Why the Envision app is not free?

And other answers to why we charge for our service the way we do.
April 17, 2019

A couple of weeks back I put out a tweet requesting people to jump on a phone call with me and explain their thoughts and opinions around the pricing of our app. By the end of the week, I had spoken one on one with more than 80 people who enthusiastically shared their views and gave me an insight into their thoughts.

After canvassing all the perspectives, I felt it is necessary to explain how we used those insights to craft our pricing strategy and answer some of the frequently asked questions that people had.

Let me start with explaining Envision’s pricing structure which consists of three main elements: a free trial, a reasonable subscription plan and on option for one-time purchase:

1.Free Trial

The app comes with a free 14-day trial where users can experience all the features of the app. There will be no strings attached to this trial period, meaning there is no need to provide payment details upfront and no automatic start of subscription.

We believe this important as every user must know exactly what they will be paying for before they make the decision about it without any deception or confusion.

2. Subscriptions

At the end of the free trial, all the functions of the app simply become inactive and users will be free to choose from a monthly or an annual subscription plan. They are currently priced $5 per month and $40 for a year.

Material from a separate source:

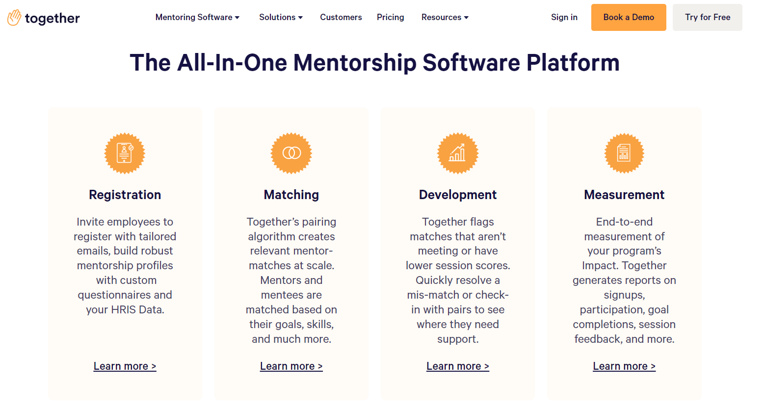 Platform ayrıca hedef belirleme, ilerleme takibi ve içerik paylaşımı dahil olmak üzere herhangi bir kuruluşun ihtiyaçlarına uyacak şekilde özelleştirilebilen özellikler sunuyor. TogetherPlatform'un analiz ve raporlama yetenekleri, katılım seviyeleri, kullanıcı memnuniyeti ve program etkinliği hakkında gerçek zamanlı veriler ve içgörüler sağlayarak mentorluk programlarının başarısını ölçmeyi kolaylaştırıyor. Ek olarak platform, Slack, Zoom ve Salesforce gibi popüler araçlarla entegre olarak mentorluğun mevcut iş akışlarına dahil edilmesini kolaylaştırıyor. Genel olarak, TogetherPlatform'un gelişmiş özellikleri ve özelleştirme seçenekleri, kuruluşlar için onu uygun bir seçim haline getiriyor.

We decided to implement subscriptions as it lowers the entry barrier for a lot of users without having to make a large investment upfront. This also provides users with the power to hold us accountable, as we will have to consistently work hard to improve and update the app in order to retain the subscribers. If you ever see the service declining, you have all the right to pull the plug that will hurt us.

3. One-time payment

The app also has an option to outright purchase the app by making a one-time payment. We call this ‘Lifetime Subscription’.

We mainly introduced this option as some users mentioned their eligibility for subsidy and reimbursements against one-time payment for services. We are currently pricing this at $200.

Overall, we believe this structure to be the most transparent and clear way to charge for our services. One problem with this is that since our app is constantly evolving and improving, there is no way for users who exhaust their free trial to come back and try new features later on. We are working on ways to mend that and will be open to ideas about it. Now to answer some of the frequently asked questions:

Why can’t this app be free?

We have costs to meet. We run our software on servers and use other software to design and build the app, which comes at a cost. We have a team of people who work every day to build new features, fix user issues, take feedback and build partnerships. We have to pay accountants and lawyers to help us run the administration behind this whole show. Not to mention the 30% cut that Apple and Google take from every purchase. On top of it all, we have to make a profit reasonable enough to sustain and grow our business.

Why can’t you run ads?

We want to create a service that is focused on improving the experience for the user. If we start running ads, sooner or later, we will have to start optimising our app towards incentivising advertisers than the users. We want to be a service that is only incentivised towards improving our users and that is only possible if our revenue is directly linked to the user’s experience.

Why can’t you find other sources for revenue like organisations, corporates, charities, etc.?

Same reason as above. We are eager to work with them to spread awareness and distribute our services to more users in need, but not as a replacement for our revenue source.

What about free apps from the Big Corporates?

Yes, there are giant corporations out there who can afford to work at a loss and offer services for free, in return for intangible gains, such as press coverage and general goodwill. However, that too is not sustainable in the long-term if they can’t figure out a way to make revenue or mine data from such services. Even then, there is no guarantee that these apps will stay around because this is not their primary bread and butter. You will actually be surprised how many and how frequently such apps and services get shut down without due notice. Here is one such list.


I hope this provides you with more insights into our perspective of why and how we made the decisions regarding pricing for the app. We fully understand that we can never come up with a model that will satisfy everyone, but we believe this has been our best effort to maintain a balance between affordability for our users and sustainability for our business.

We are always open and eager to listen to your thoughts on this and learn from it. I will continue to update this blog with more questions and answers as needed. Thank you for your time.